P... la somme de 27.000 € à titre de dommages et intérêts pour licenciement abusif, outre une indemnité en application de l'article 700 du Code de procédure civile AUX MOTIFS PROPRES QUE « En droit, l'insuffisance de résultat ne constitue pas en soi une cause réelle et sérieuse de licenciement ; cette insuffisance, pour fonder le licenciement sur une cause réelle et sérieuse doit résulter d'une faute du salarié ou de son incapacité à atteindre les objectifs fixés qui ne sont ni excessifs, ni irréalisables, mais au contraire réalistes.

L'insuffisance professionnelle peut constituer une cause réelle et sérieuse de licenciement lorsqu'elle repose sur des éléments précis, objectifs et imputables au salarié qui perturbent la bonne marche de l'entreprise et qui permettent au juge d'apprécier le caractère réel et sérieux des motifs invoqués par l'employeur en formant sa conviction au vu des éléments fournis par les parties.

Le contrat à durée indéterminée qui fait la loi des parties, impartit à Mme D...

P... les tâches suivantes, sous l'autorité de Mme Y...

Directrice Générale (DG) : • Développer le secteur commercial de notre offre de services auprès de grands comptes évoluant en milieu aéroportuaire (Aéroports de Paris, compagnie aériennes) ; • Concevoir l'ensemble des offres de services de la phase d'études à la signature définitive des contrats (appels d'offres et dossiers commerciaux classiques) • Analyser les besoins des prospects et clients ; • Concevoir des appels d'offres sur les plans commercial, technique, social et financier ; • Participer au recrutement et à la mise en place de l'équipe en charge de l'exploitation des contrats signés puis en assurer l'encadrement; • Effectuer toute autre mission connexe à ses fonctions qui pourrait être confiée par son supérieur. *Sur les objectifs Il doit être précisé que le secteur d'activité était nouveau pour la société Mahola et très concurrentiel, ce qui explique l'embauche de Mme D...

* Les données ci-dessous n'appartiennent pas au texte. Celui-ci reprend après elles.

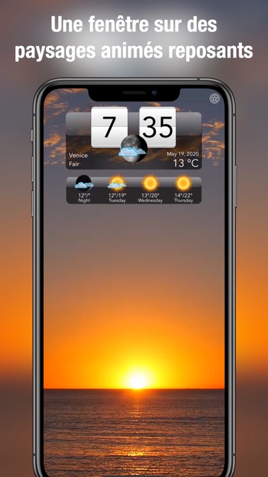 De magnifiques paysages océaniques, des scènes de pluie apaisantes, de vraies tempêtes et bien d'autres images vous permettent de visualiser sur votre écran le temps qu'il fait dans votre région. Il est également possible de sélectionner différentes conditions météo en fonction de votre humeur ou de paramétrer un affichage aléatoire des scènes. Les paysages relaxants sont parfaits pour éliminer le stress tout en regardant la météo !
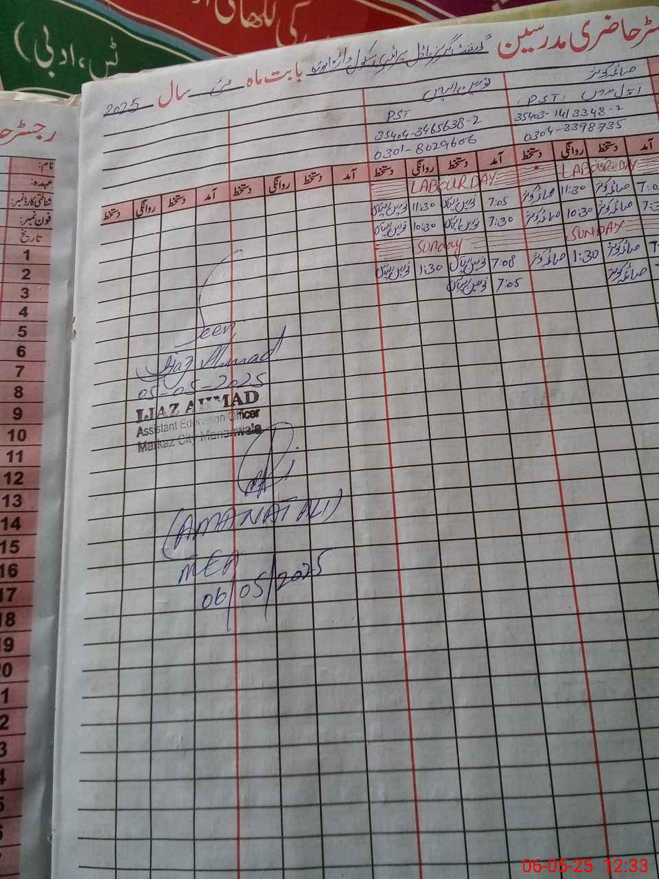 | Name: SA**** KA**** Designation: (School Headmaster's/Headmistress's) PST Phone/Cell Number: 03**** |
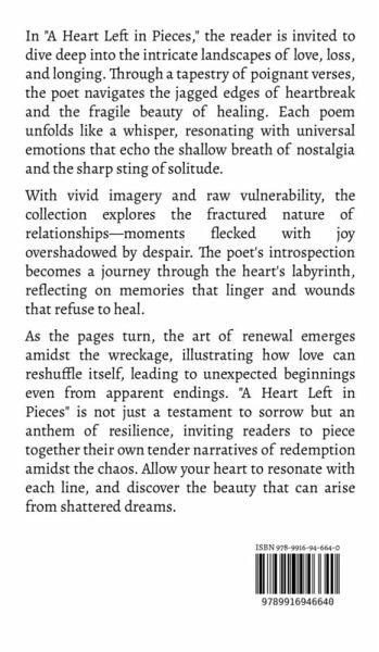 In "A Heart Left in Pieces," the reader is invited to dive deep into the intricate landscapes of love, loss, and longing. Through a tapestry of poignant verses, the poet navigates the jagged edges of heartbreak and the fragile beauty of healing. Each poem unfolds like a whisper, resonating with universal emotions that echo the shallow breath of nostalgia and the sharp sting of solitude. With vivid imagery and raw vulnerability, the collection explores the fractured nature of relationships-moments flecked with joy overshadowed by despair. The poet's introspection becomes a journey through the heart's labyrinth, reflecting on memories that linger and wounds that refuse to heal. As the pages turn, the art of renewal emerges amidst the wreckage, illustrating how love can reshuffle itself, leading to unexpected beginnings even from apparent endings. "A Heart Left in Pieces" is not just a testament to sorrow but an anthem of resilience, inviting readers to piece together their own tender narratives of redemption amidst the chaos. Allow your heart to resonate with each line, and discover the beauty that can arise from shattered dreams.

P... en CDD renouvelé, avant de poursuivre la relation contractuelle en CDI qui démontre la satisfaction de l'employeur.

A supposer que les objectifs fixés à Mme D...

P... le 24 août 2011, qualifiés par celle-ci de très ambitieux dès le 25 août, étaient réalisables, la Cour relève que: - d'une part ces objectifs ont été fixés fin août 2011 pour le second trimestre, ce qui de fait ne laissait que 4 mois pour les atteindre, - d'autre part, l'analyse des pièces produites n'établit pas que la non-atteinte des objectifs résulte d'une insuffisance professionnelle ou d'une faute imputable à la salariée.

Le licenciement ne peut donc être justifié de ce chef. *Sur le client Brink 's Il est constant que ce client a résilié par courrier du 18 octobre 201l, à effet du 27 février 2012, le contrat le liant avec la société Mahola.

La société Brink' s a maintenu cette volonté de résiliation à l'issue d'un rendez-vous avec Mme Y... le 12 janvier 2012, malgré l'engagement de la société Mahola d'améliorer la prestation en mobilisant tous les matins trois agents d'astreintes et un superviseur non oeuvrant et non facturé, en lui faisant les reproches suivants: "Les prestations de juillet et août 2011 sur lesquelles ils ont eu une pénalité de 10. 000€ de la part de la Société Aéroport de Paris.